**Records to process**:
::::::::::

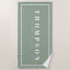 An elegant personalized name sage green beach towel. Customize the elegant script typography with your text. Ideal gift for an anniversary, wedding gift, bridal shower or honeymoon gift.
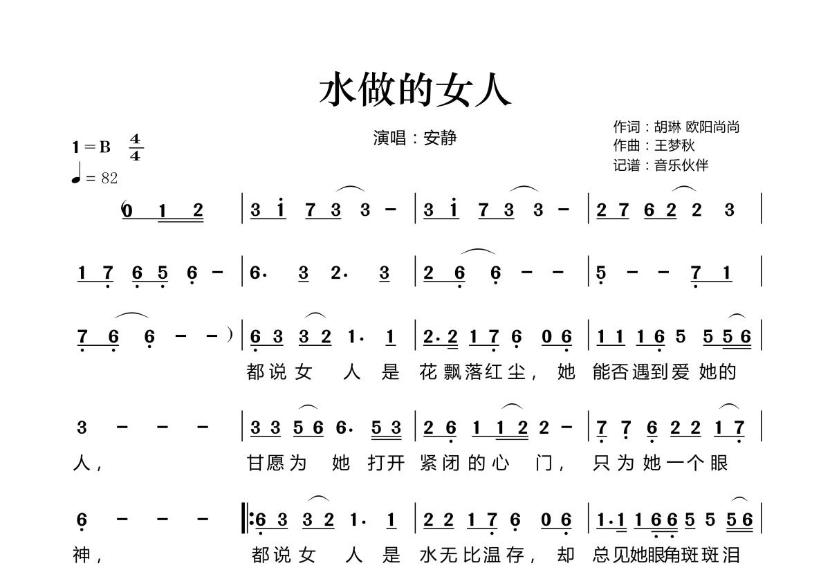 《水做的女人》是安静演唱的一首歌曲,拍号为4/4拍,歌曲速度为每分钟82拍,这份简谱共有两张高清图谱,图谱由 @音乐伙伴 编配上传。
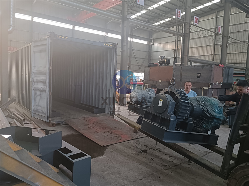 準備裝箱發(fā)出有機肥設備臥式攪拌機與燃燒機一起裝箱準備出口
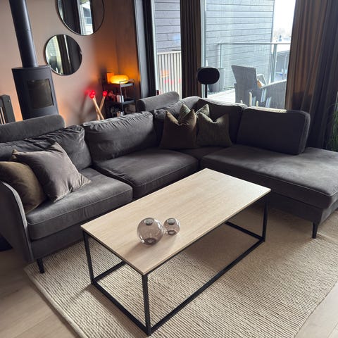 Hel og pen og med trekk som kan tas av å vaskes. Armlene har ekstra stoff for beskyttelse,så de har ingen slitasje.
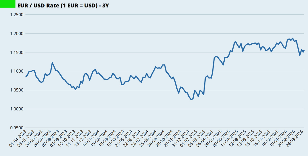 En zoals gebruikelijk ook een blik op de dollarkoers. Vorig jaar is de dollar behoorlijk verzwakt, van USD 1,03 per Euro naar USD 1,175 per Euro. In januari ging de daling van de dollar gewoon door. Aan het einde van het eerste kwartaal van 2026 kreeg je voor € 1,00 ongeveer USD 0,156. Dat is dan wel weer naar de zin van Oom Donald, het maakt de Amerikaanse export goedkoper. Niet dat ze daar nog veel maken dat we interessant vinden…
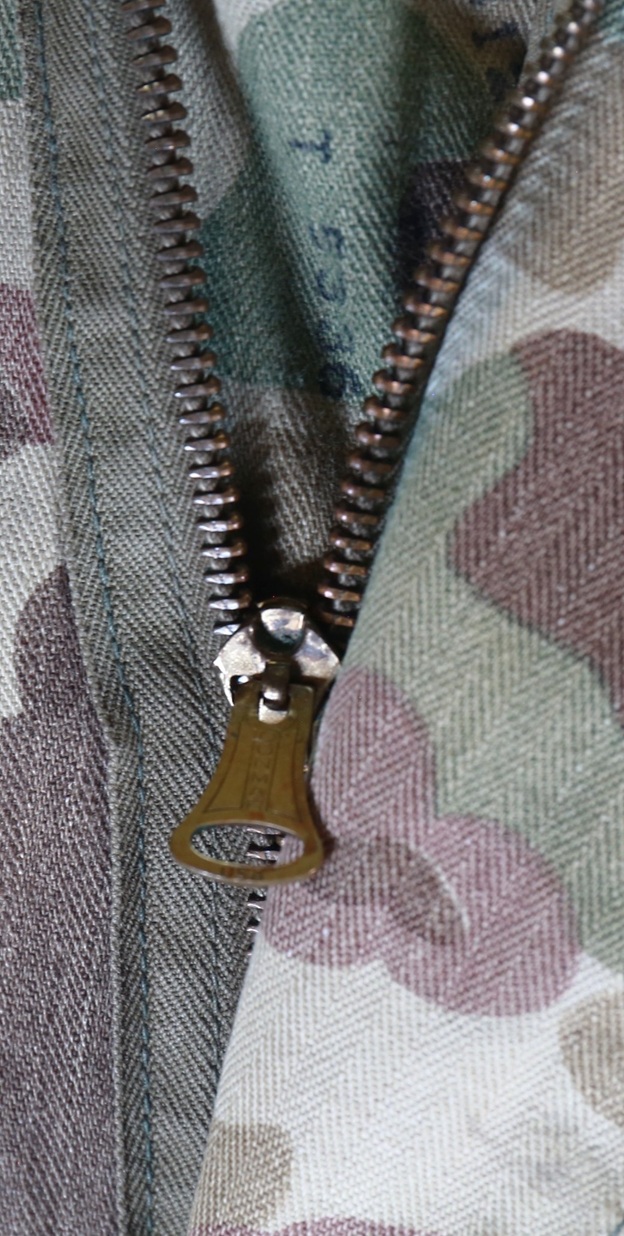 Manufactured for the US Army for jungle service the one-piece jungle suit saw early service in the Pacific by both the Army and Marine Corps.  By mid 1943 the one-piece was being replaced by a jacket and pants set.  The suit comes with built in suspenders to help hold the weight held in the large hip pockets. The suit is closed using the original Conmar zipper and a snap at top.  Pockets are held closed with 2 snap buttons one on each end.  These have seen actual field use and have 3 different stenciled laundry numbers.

::::::::::

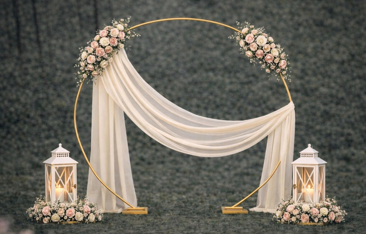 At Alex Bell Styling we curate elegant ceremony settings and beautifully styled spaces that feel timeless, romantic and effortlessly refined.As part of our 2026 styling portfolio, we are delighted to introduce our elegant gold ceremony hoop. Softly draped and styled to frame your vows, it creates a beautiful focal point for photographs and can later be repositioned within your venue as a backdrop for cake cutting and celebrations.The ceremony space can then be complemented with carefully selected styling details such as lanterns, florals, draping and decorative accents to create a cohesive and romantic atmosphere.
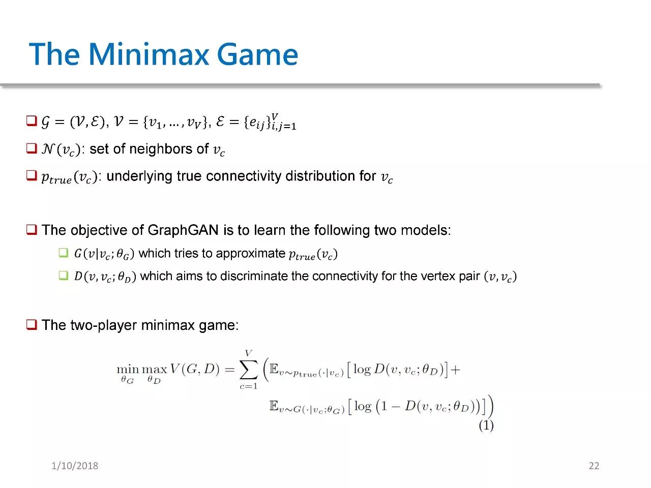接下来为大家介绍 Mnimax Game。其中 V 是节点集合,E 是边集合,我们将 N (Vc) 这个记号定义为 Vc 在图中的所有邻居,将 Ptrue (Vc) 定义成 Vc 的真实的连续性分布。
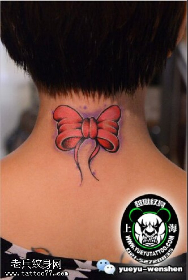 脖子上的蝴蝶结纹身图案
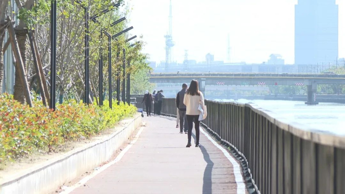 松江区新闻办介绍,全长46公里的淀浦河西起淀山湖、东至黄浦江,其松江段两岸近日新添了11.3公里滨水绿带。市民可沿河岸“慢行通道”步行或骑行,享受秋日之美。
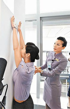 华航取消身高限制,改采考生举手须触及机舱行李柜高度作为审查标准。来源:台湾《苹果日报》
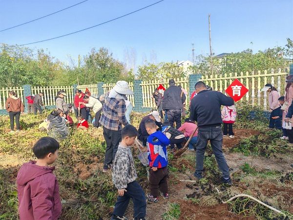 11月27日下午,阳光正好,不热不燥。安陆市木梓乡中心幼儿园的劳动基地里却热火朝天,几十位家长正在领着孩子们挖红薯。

::::::::::

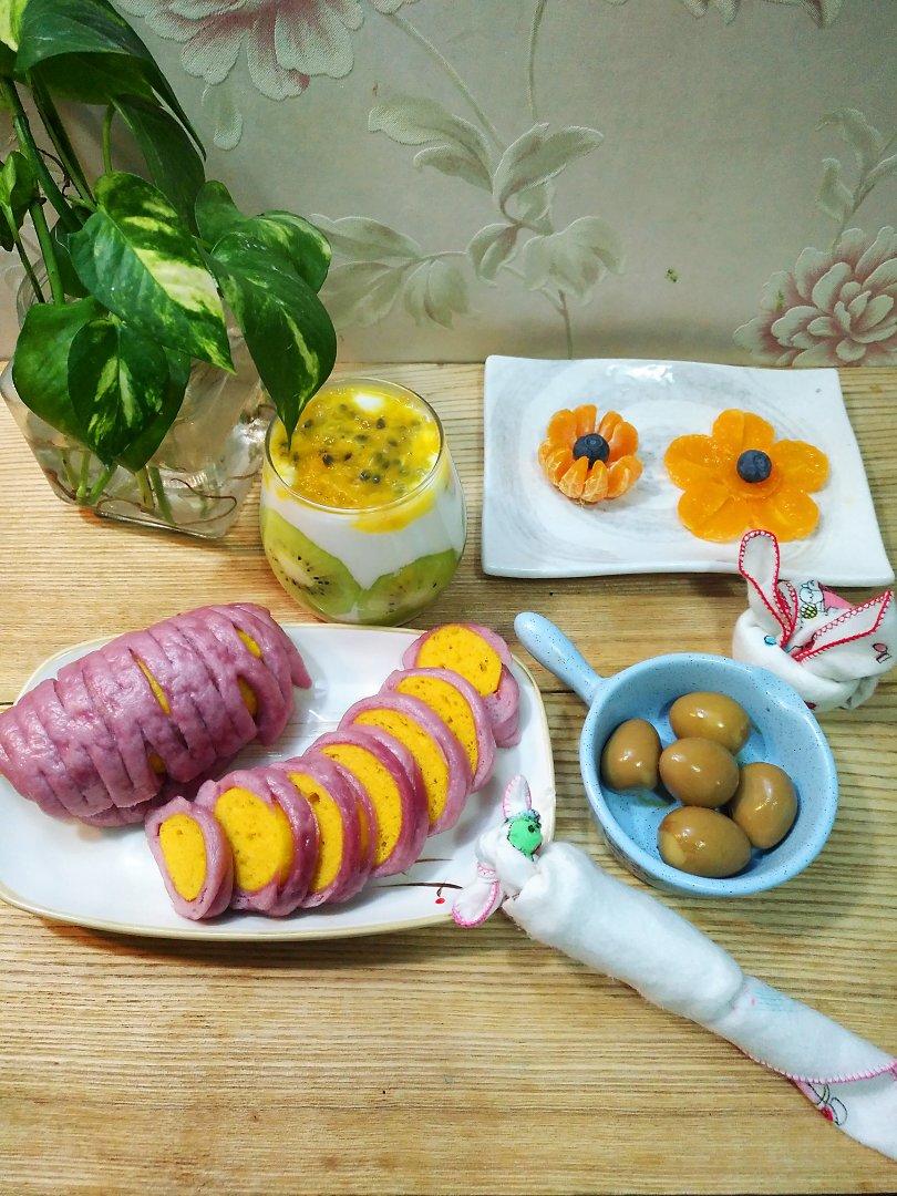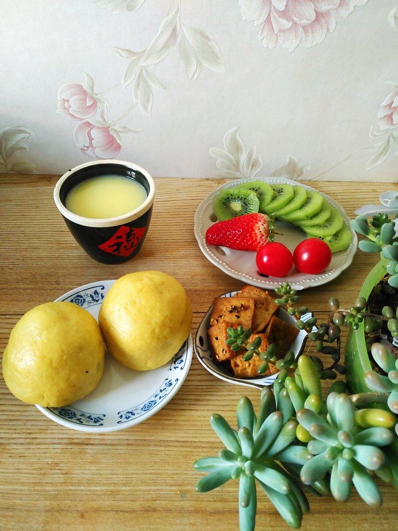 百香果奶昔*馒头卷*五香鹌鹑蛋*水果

::::::::::

**Required action**:
An exact copy of the lines above from the one with "脖子上的蝴蝶结纹身图案" up to and including the one with "11月27日下午,阳光正好,不热不燥。安" is required; reproduce only those lines, omitting all pictures.

**Response area**:
 脖子上的蝴蝶结纹身图案
 松江区新闻办介绍,全长46公里的淀浦河西起淀山湖、东至黄浦江,其松江段两岸近日新添了11.3公里滨水绿带。市民可沿河岸“慢行通道”步行或骑行,享受秋日之美。
 华航取消身高限制,改采考生举手须触及机舱行李柜高度作为审查标准。来源:台湾《苹果日报》
 11月27日下午,阳光正好,不热不燥。安陆市木梓乡中心幼儿园的劳动基地里却热火朝天,几十位家长正在领着孩子们挖红薯。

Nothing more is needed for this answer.